A murderous journey of more than thirty years and nearly 100 victims. The United States has probably found the worst serial killer in their history: Samuel Little, 79, confessed to murdering 93 people, with the Federal Police (FBI) confirming 50 of these murders.
Most of the victims of Samuel Little, who acted between the years 1970 and 2005 in about fifteen states, are women, especially prostitutes or drug users, rather black or Hispanic. Samuel Little has been serving a life sentence since 2014, when he was convicted and sentenced for three murders. But his record seems to be much more terrible.

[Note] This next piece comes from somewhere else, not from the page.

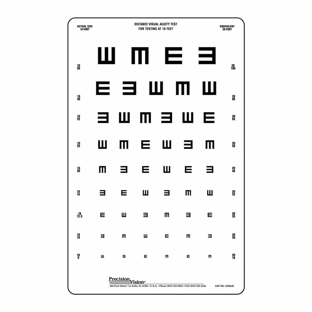 چارتهای مخصوص فاصله کوتاه (۱ متر) نیز برای فضاهای کوچک طراحی شدهاند.
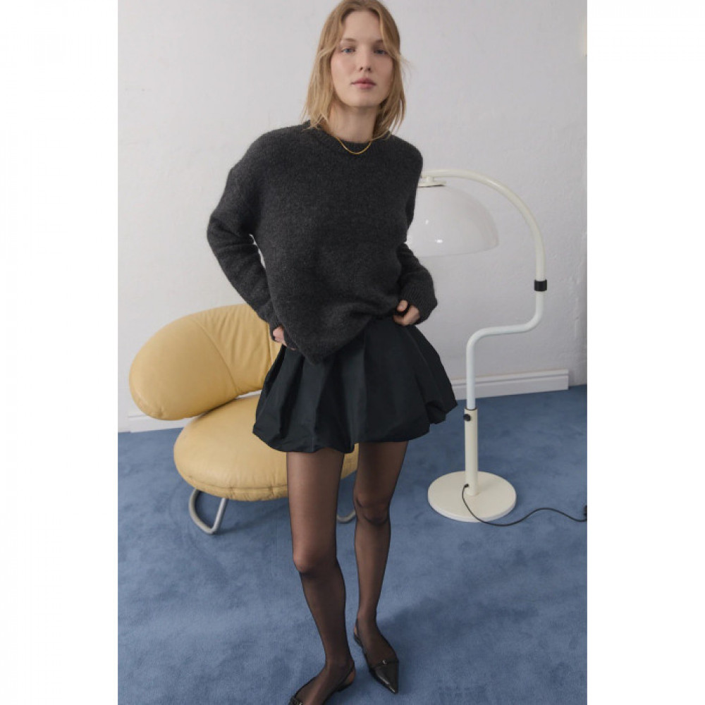 Суперм’який однотонний светр із ребристим круглим коміром, ребристим краєм і манжетами.

“For years, Samuel Little thought he could not be caught because he thought no one cared about his victims,” said Christie Palazzolo, an FBI criminal analyst.“Even though he is already in jail, the FBI believes it is important to do justice to each of the victims, to close all possible cases. “
The police believe that all of Little’s confessions are credible and put on line a site on which we can see the killer’s filmed cold confessions that tell the murders for which the victims have not yet been identified.
“Many of these deaths were originally classified as overdoses or accidental or no-cause deaths. Some bodies have never been found, “ says the FBI on the website in question.
The former boxer, also known as Samuel McDowell, was arrested for the first time in 2012 at a homeless shelter in Kentucky. He had been extradited to California as part of a drug case.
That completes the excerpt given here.